Web Archive: A collection of files that preserve representations of web resources in the WARC format. A web archive may also include derivative files such as CDX indexes for accessing records within the archive.

## Introduction Crawl Index JSON or CDXJ provides a standardized way of representing an index to one or more WARC files. It allows applications to quickly locate a given page in a set of archived web content, as well as metadata associated with that page. A reference implementation can be found in the [cdxj-indexer](https://github.com/webrecorder/cdxj-indexer) project. CDXJ's name and semantics partly derive from an earlier index format developed as part of the Internet Archive's Wayback Machine, where CDX may have been an acronym for Crawl (or Capture) inDeX. The CDXJ format used in WACZ was mostly drawn from an earlier implementation in the Webrecorder application [[WEBRECORDER-CDX]]. A CDXJ file is a sorted, line oriented plain-text file (optionally GZIP compressed) where each line represents information about a single capture in a web archive collection. Each line MUST have three components that are separated by single spaces (0x20): 1. a Searchable URL 2. an Integer Timestamp 3. a JSON Block

## Searchable URL The Searchable URL is a normalized form of the archived URL that allows a CDXJ file to be sorted and efficiently scanned using a binary search algorithm. The Searchable URL is sometimes referred to as Sort-friendly URI Reordering Transform (SURT). The steps for creating a Searchable URL from a URL are: 1. lowercasing the URL 2. removing the protocol portion (HTTP or HTTPS) 3. replacing the host name portion of the URL with a reversed, comma separated equivalent: `www.example.org becomes `org,example,www` 4. adding a `)` separator 5. adding the remaining portion of the URL (path and query) For example the URL ```https://www.example.org/index.html``` would be represented as this Searchable URL ```org,example,www)/index.html```

## Integer Timestamp The Integer Timestamp is an integer representation of the date and time (UTC) when the web archive snapshot was created.

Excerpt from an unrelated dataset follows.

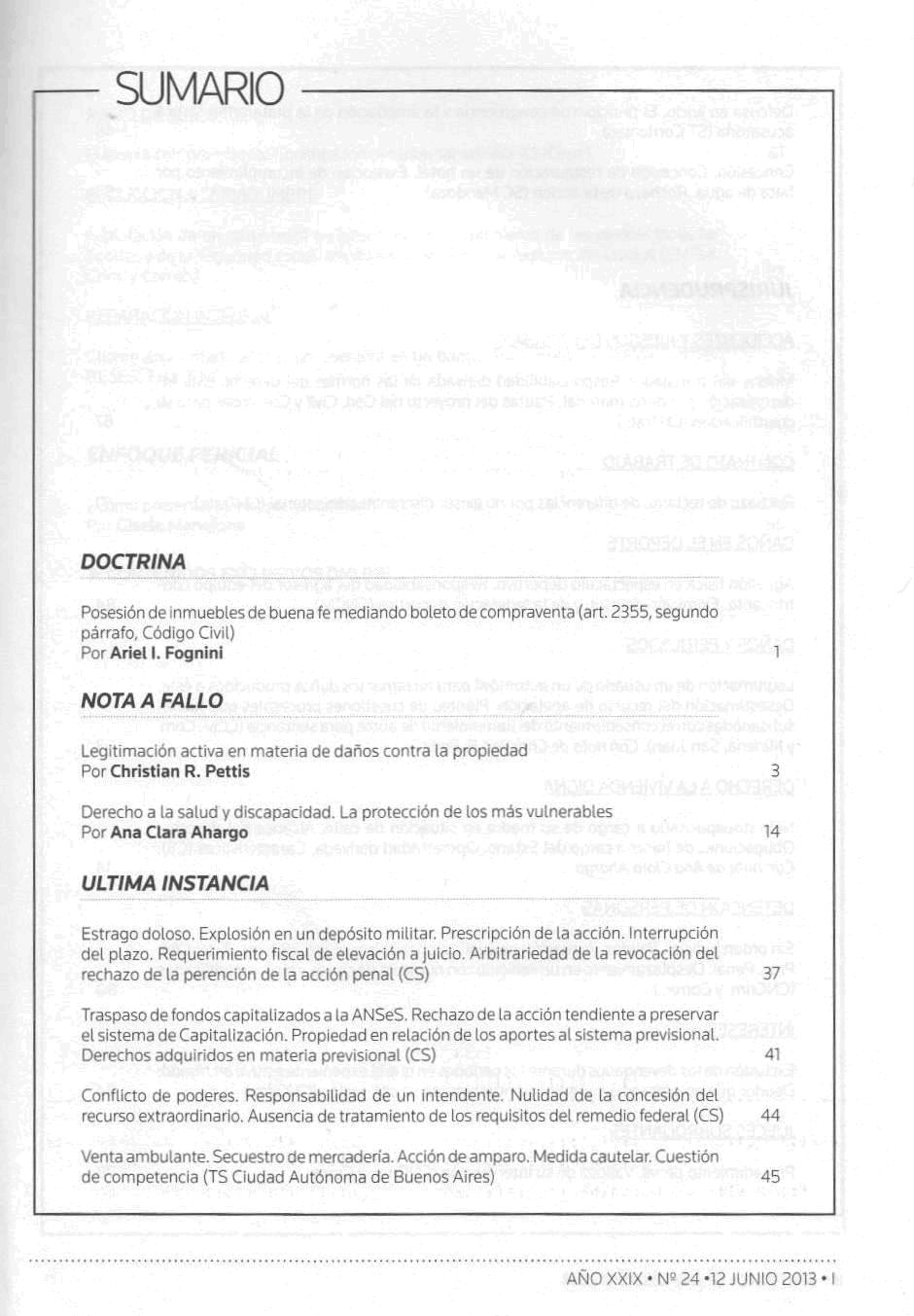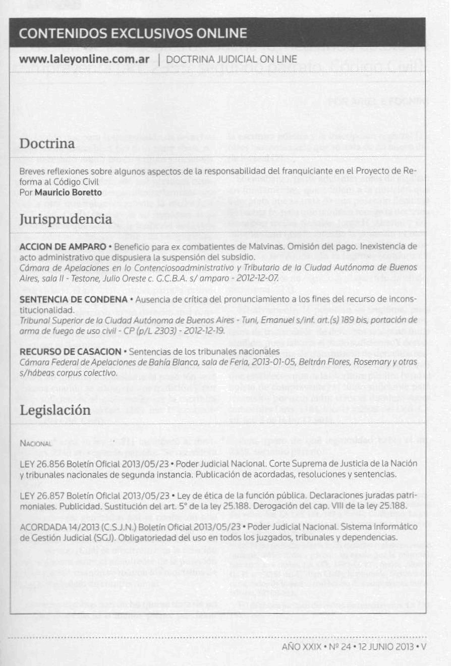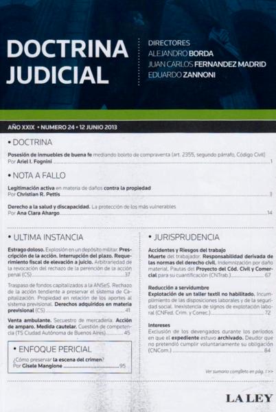 Doctrina judicial / Alejandro Borda ; Juan Carlos Fernández Madrid ; Eduardo A. Zannoni, directores ; Fulvio Germán Santarelli, subdirector. -- Año 29, no. 24 (jun. 2013). -- Buenos Aires : La Ley, impresión 2013. 104 p.; 24 cm.

It is composed of: - 4 digit year (e.g. 2022) - 2 digit month (e.g. 02) - 2 digit day (e.g. 05) - 2 digit hour in 24 hour format (e.g. 23) - 2 digit minute (e.g. 13) - 2 digit second (e.g. 59) - 3 digit milliseconds MAY be included (e.g. 032) This example date would get serialized as the Integer Timestamp `20220205231359032`.

## JSON Block The JSON Block contains a serialized [[JSON]] object with newlines escaped so that it fits completely on one line. The object MUST contain the following properties: - url: The URL that was archived - digest: A cryptographic hash for the HTTP response payload - mime: The media type for the response payload - filename: the WARC file where the WARC record is located - offset: the byte offset for the WARC record - length: the length in bytes of the WARC record - status: the HTTP status code for the HTTP response

## Sorting The lines in a CDXJ file MUST be sorted to allow a given URL (and timestamp) to be looked up efficiently using a simple binary search. The sorting should be done based on the native byte values of the characters. This is equivalent to using the GNU sort with the collation settings `LC_ALL=C`.

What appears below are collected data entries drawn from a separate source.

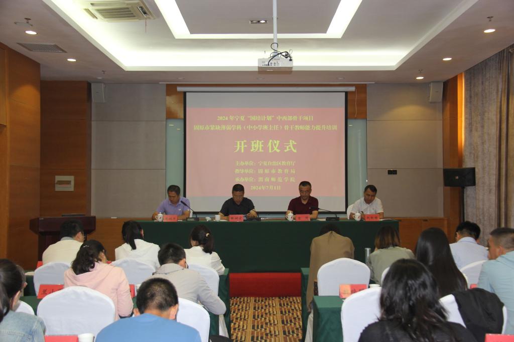 7月1日上午,由宁夏教育厅主办,渭南师范学院承办的2024年“国培计划”宁夏中西部骨干项目——中小学班主任能力提升培训在宁夏固原开班。继续教育学院副院长苟鹏军、项目首席专家赵教练、固原市教育体育局副局长张树宏、固原市师资培训中心主任童岗出席了开班仪式。来自固原市的50名中小学班主任将参加为期7天的集中学习和教学实践。
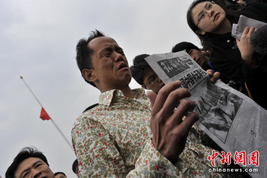 4月21日,為表達全國各族人民對青海玉樹地震遇難同胞的深切哀悼,中國國務(wù)院決定,舉行全國哀悼活動,全國和駐外使領(lǐng)館下半旗志哀,停止公共娛樂活動。圖為北京天安門廣場上哀悼遇難者的民眾。中新網(wǎng)記者 金碩 攝
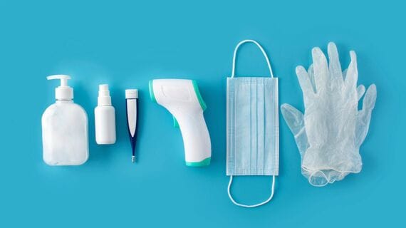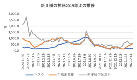 まずは、コロナ禍における「新3種の神器」(マスク、手指消毒剤、非接触型体温計)の動きから見てみたい。グラフは2019年との比較である。

## Example The following is an example of a complete line from a CDXJ file: ``` org,example)/index.html 20220106150849300 {"url":"https://example.org/index.html","digest":"sha-256:a8c5ac6f47aa34c5c5183daedc6ebbc7ca1e53fd2ec7db5e98d71bffb163b2ce","mime":"image/png","offset":283,"length":2269,"recordDigest":"sha256:e520b333999144ff38f593f6d76f5333d24895701953b2ea0507ed041d20ca2c","status":200,"filename":"data.warc.gz"} ``` A typical CDXJ file will contain many such lines.